Меня охватило вдохновение. «Эй! Я могу поменяться с кем-нибудь на первом корабле. Или, минутку, может, Сузи поменяется с тобой…»
Она покачала головой, по-прежнему улыбаясь. «Не думаю, чтобы Сузи это понравилось, — сказала она. — Ну, и никто не разрешит меняться. Особенно в последний момент».
— Неважно, Клара!
— Боб, — сказала она, — не подталкивай меня. Я много думала о нас с тобой. Мне кажется, у нас есть, чего добиваться. Но не могу сказать, что все уже решила, и не хочу, чтобы меня подталкивали.
— Но, Клара…
— Кончим на этом, Боб. Я полечу в первом корабле, ты во втором. Там, может, поговорим. Может, даже поменяемся на обратный путь. А пока у нас есть возможность подумать, чего мы хотим на самом деле.
Единственные слова, которые я мог повторять снова и снова, были: «Но, Клара…»
Она поцеловала меня и оттолкнула от себя. «Боб, — сказала она, — не торопись. У нас впереди много времени».
27
Скажи мне, Зигфрид, — говорю я, — насколько я нервный. На этот раз он принял голографическое изображение Зигмунда Фрейда, свирепый взгляд венца, ничуть не gemutlith[2]. Но голос его — все тот же мягкий печальный баритон: «Если вы спрашиваете, о чем свидетельствуют мои сенсоры, Боб, то да, вы весьма возбуждены».
— Я так и думал, — говорю я, подпрыгивая на матраце.
— Можете мне сказать почему?
— Нет. — Вся неделя была такой: прекрасный секс с Дорин и С.Я., а потом поток слез в душе, фантастические выигрыши, и игра на турнире в бридж, и абсолютное отчаяние на пути домой. Я чувствую себя флюгером. «Я чувствую себя флюгером, — кричу я. — Ты вытащил что-то такое, с чем я не могу справиться».
— Мне кажется, вы недооцениваете своей способности справиться с болью, — заверяет он меня.
— Будь ты проклят, Зигфрид! Что ты знаешь о человеческих способностях?
Он почти вздыхает. «Мы снова за то же, Боб?»

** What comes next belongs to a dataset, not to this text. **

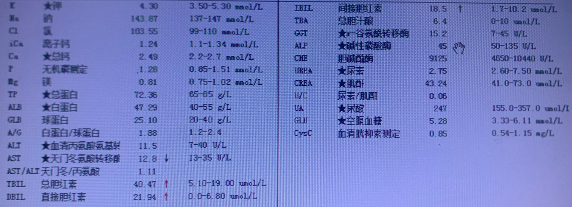 图1 患者术前肝功全套(胆红素高于正常范围)

— Да, черт возьми! — Странно, теперь я меньше нервничаю; я снова втянул его в спор, и опасность отступила.
— Правда, Боб, я машина. Но я машина, созданная, чтобы понимать, что такое человек, и поверьте мне, Боб, я хорошо сделан.
— Сделан! Зигфрид, — говорю я рассудительно, — ты не человек. Ты можешь знать, но не можешь
— Я все это знаю, Боб, — мягко отвечает он. — Правда, знаю. И хочу выяснить, почему вы испытываете такие бурные чувства. Не поможете ли вы мне?
— Нет!
— Но ваше возбуждение, Боб, доказывает, что мы приближаемся к основной боли…
— Убери свое проклятое сверло с моего нерва! — Но эта аналогия ни на секунду не сбивает его: его цепи сегодня хорошо настроены.
— Я не ваш дантист, Боб, я ваш аналитик, и я говорю вам…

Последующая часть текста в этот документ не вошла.